You are enjoying dessert and as you bring a heaping spoonful of ice cream to your mouth your tongue becomes frozen to the silver spoon. Surprisingly your brief entrapment has as much to do with heat as it does with cold.
The most logical suspect in this mystery would be the ice cream, sitting at a temperature below freezing. Very few would suspect it is the metal spoon that is actually responsible for trapping your tongue.
And it is all because metals are great at conducting heat.

Heat causes molecules in a material to vibrate. Once a molecule is vibrating it bumps up against a neighbouring molecule causing it to vibrate as well. Metal molecules are very tightly packed together meaning this chain reaction of vibrations will pass through them very quickly.
Metal also contains large numbers of free electrons. These electrons move freely through a metal structure absorbing heat energy and passing it along quickly as it crashes and collides with atoms and other electrons.
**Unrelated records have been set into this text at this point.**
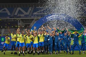 (250217) -- ANZOATEGUI, 17 febrero, 2025 (Xinhua) -- Imagen del 16 de febrero de 2025 de jugadores y cuerpo técnico de Brasil festejando con el trofeo del torneo Sudamericano Sub-20 de la Confederación Sudamericana de Fútbol (Conmebol), al término del partido de la quinta fecha de la fase final, ante Chile, celebrada en el Estadio Olímpico General José Antonio Anzoátegui, en Puerto La Cruz, estado Anzoátegui, Venezuela. (Xinhua/Marcos Salgado) (ms) (oa) (rtg) (ce)
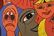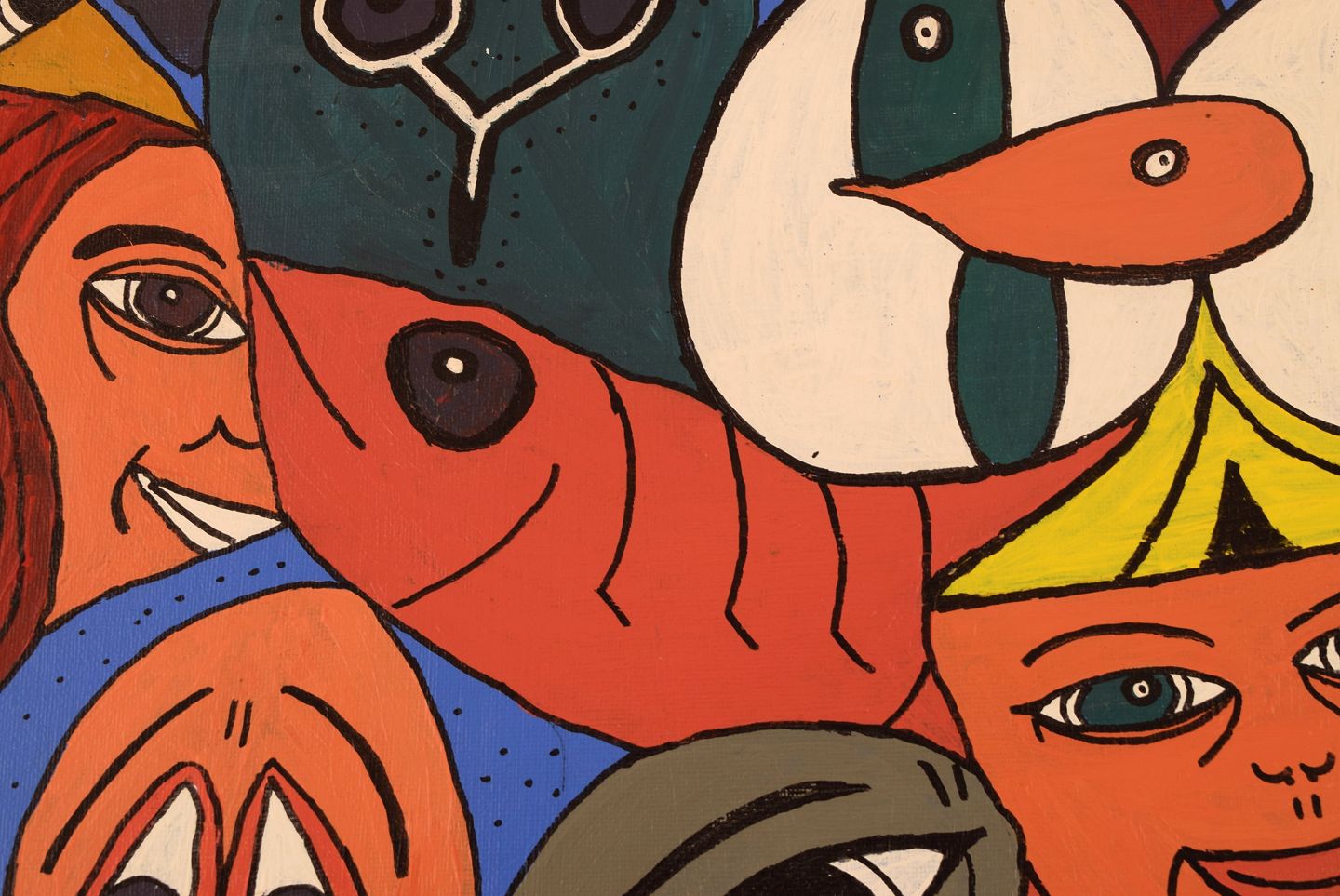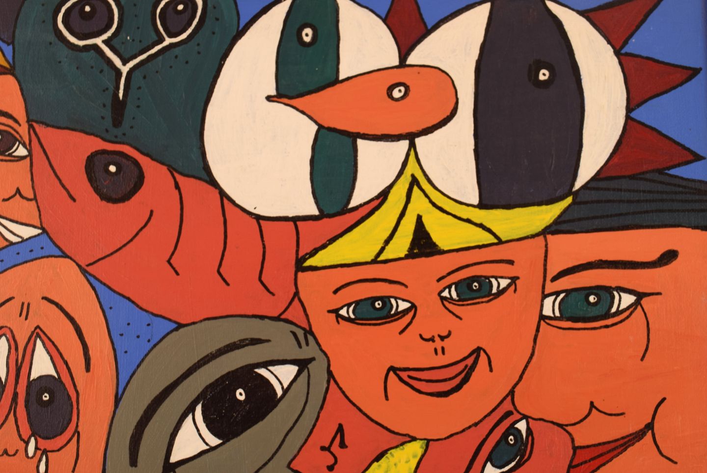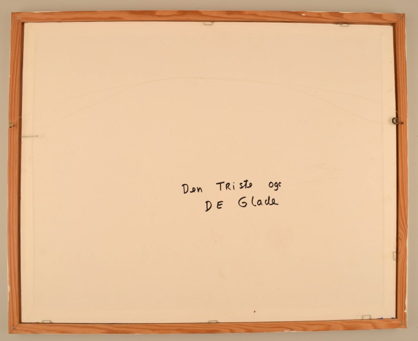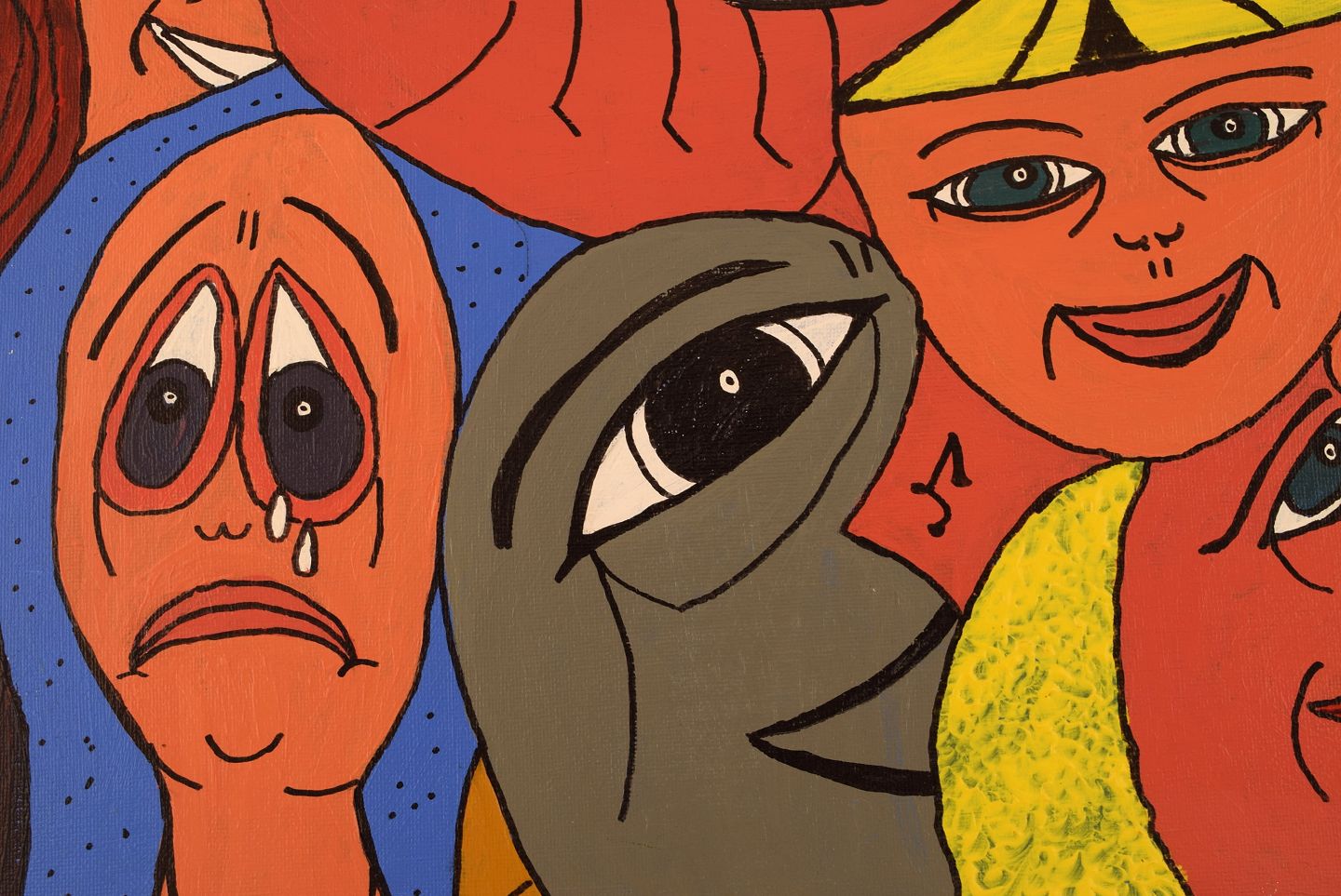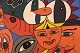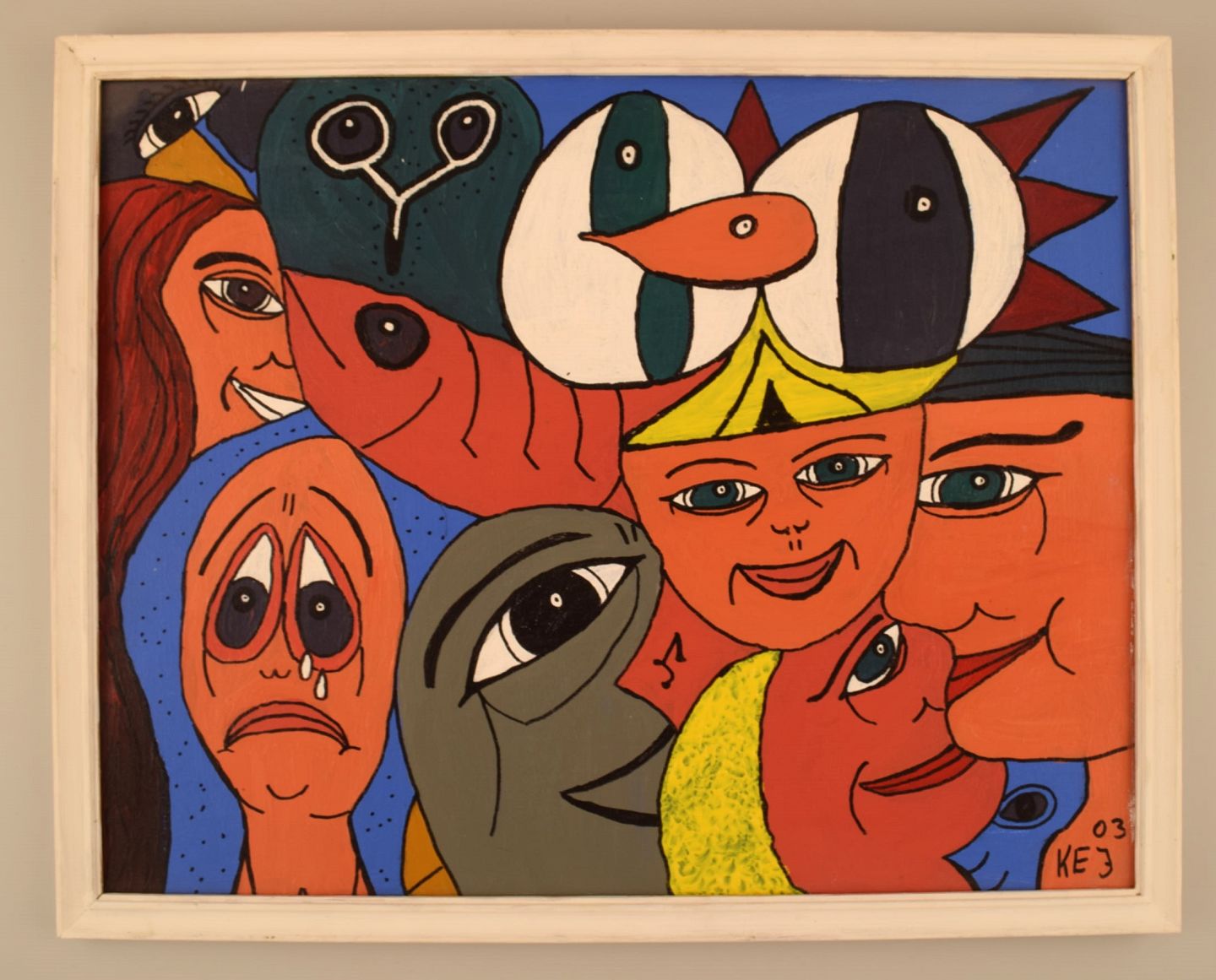 Elisabeth Jensen. Dansk kunstner. Akryl på lærred. "Den triste og de glade". Figurkomposition. Dateret 2003. Lærredet måler: 49 x 39 cm. Rammen måler: 2 cm. I flot stand. Signeret og dateret.
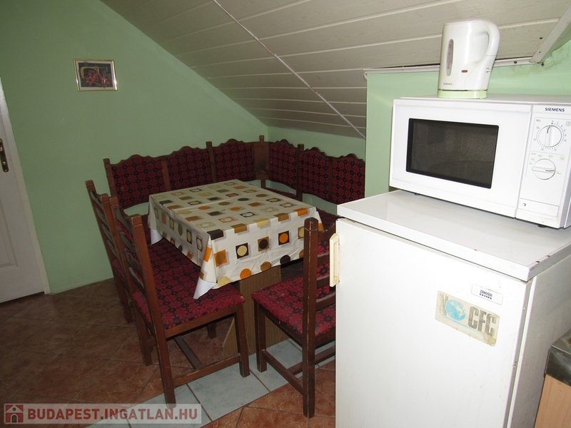Az emeleten található 50 m2-es, 1 szobás apartman 3 ággyal és 1 pótággyal rendelkezik. Saját fürdõszoba, Wc, konyhasarok és étkezõsarokkal.
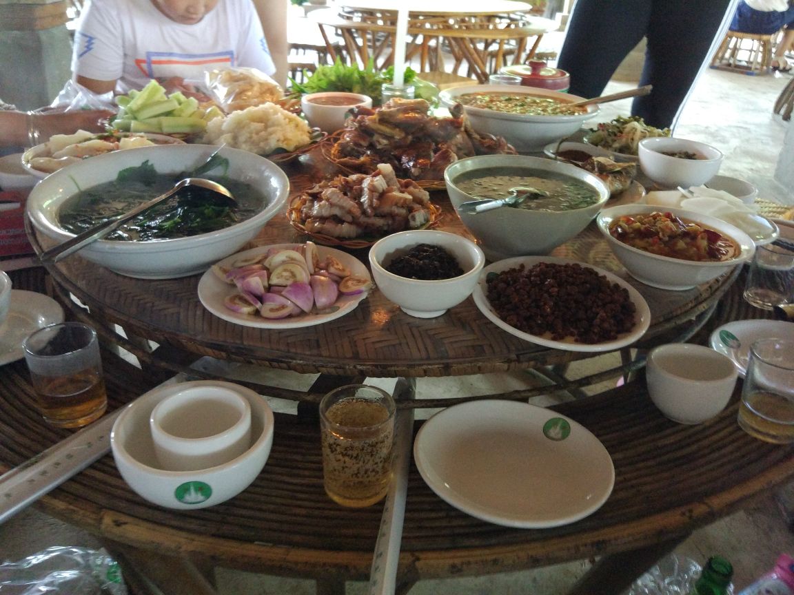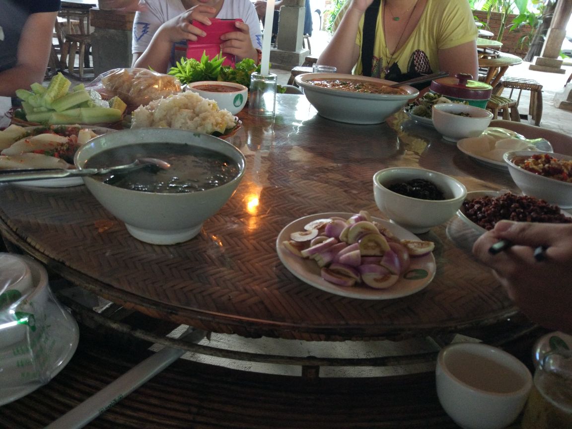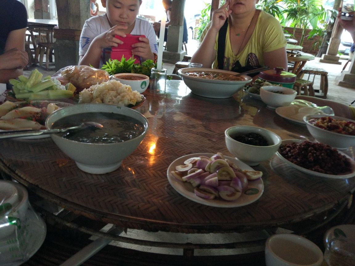 他家的菜品非常不错,口味独特,例如烤鸡,烤排骨,烤鱼等等都是傣族风味,其他菜放菠萝饭,傣家米线...

If a metal spoon is placed in a hot cup of tea, the molecules in the end of the spoon below the water level have more thermal energy than the ones at the cold end. Those ‘hot’ molecules bounce around, setting in motion ‘colder’ ones until that heat has been transferred up the length of the spoon.
Among metals silver is the best conductor of heat and lead is poorest. Of the more common metals, copper and aluminum have the highest thermal conductivity while steel and bronze have the least.
Back to that delicious ice cream. When your tongue makes contact with a cold spoon the metal in the spoon is conducting heat from your tongue. As your tongue cools it alerts your body that it needs to send warmth that way in the form of blood and heat energy. The spoon absorbs that heat as well, literally drawing the warmth from your tongue faster than your body can provide it. As a result, the liquid saliva on your tongue freezes, forming a bond between the spoon and your tongue.
In fact any part of your body that touches metal that is below body temperature will feel cold to the touch. Alternately hot metal will quickly transfer its heat to bare skin.
Wood, plastic, and rubber are not good heat conductors. In fact wood is 150 times less conductive than stainless steel.
As poor conductors of heat, a wood or plastic spoon is a far better choice if you want to avoid the perils of ‘sticky’ spoons. They won’t cool the surface of your tongue faster than your body can heat it up. They may even insulate it from an extreme temperature.